The passwords are ashes in my mouth. The last of the First Resistance was crushed eight years ago, when shoggoths swarmed the final submarine base hidden in the San Juan Islands at the mouth of Puget Sound, but the Second Resistance struggles onward, ever guttering like a starveling candle flame.
My contact nods, his—or her? Does it matter anymore?—head bobbing with the slow certainty of a collapsing corpse. The Innsmouth syndrome transforms so many of us, who were once human. The voice croaking a response bespeaks more of the benthic depths than any child of woman born. “Such bright and risen days these are.”
And simply as that, I am admitted to the tiled lodge here at the mouth of the Columbia, amid the ruins of Astoria. We meet with our rituals and our secret rooms in imitation of Dagon and the Silver Twilight, because their rites worked .
Oh, we were warned. Lovecraft, Howard, Smith—they had a glimpse of the truth, which they disguised as fiction. Who believed? People actually made up games about the Old Ones. As if the mile-long shattered corpse still rotting across the Seattle waterfront nine years after the U.S. Air Force’s last bombing run could be made into a joke, or a rattle of dice.
All that saves us now is inattention. Cthulhu, Yog-Sothoth, all are like children in their godhood. Dead, they lay so long dreaming that they lost the habit of attending to the world, except through such rites as move them.
The First Resistance fought the elder gods themselves. But how does a B-2 fly against something that can warp the very fabric of the stars with the power of its mind? The Earth’s new masters did not need their priests to awaken them to those dangers, not after the Dunedin and Papeete nuclear strikes.

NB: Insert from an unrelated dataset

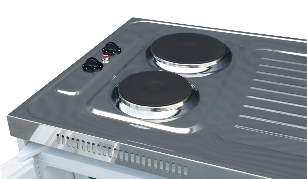 Dolazi u bijeloj boji. Set mini kuhinje NE sadrži hladnjak VIVAX TTR-93 (može se naknadno kupiti), inox ploču MK-0210XA s integriranim grijačim pločama i sudoperom te ormarić od kvalitetnog iverala dimenzija 100x85x60 cm.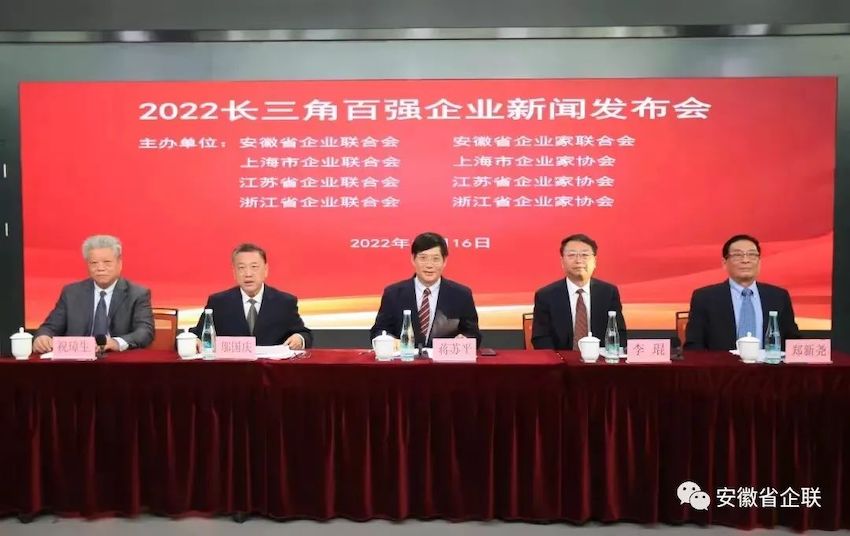 11月16日下午,由安徽省企業聯合會、安徽省企業家聯合會、上海市企業聯合會、上海市企業家協會、江蘇省企業聯合會、江蘇省企業家協會、浙江省企業聯合會和浙江省企業家協會共同主辦的2022長三角百強企業新聞發布會在上…

The Second Resistance struggles against the priests instead. Dread Cthulhu could snuff my life with the merest of thoughts, but he will no more bother to do so than I will snuff the life of a single amoeba deep within my gut. Traveling across 600 million years of time and space, then slumbering aeons beneath the waves in lost R’lyeh, does not equip one for such minutiae. His priests are the immune system, seeking to eradicate the last, hopeless glimmerings of human liberty and free spirit.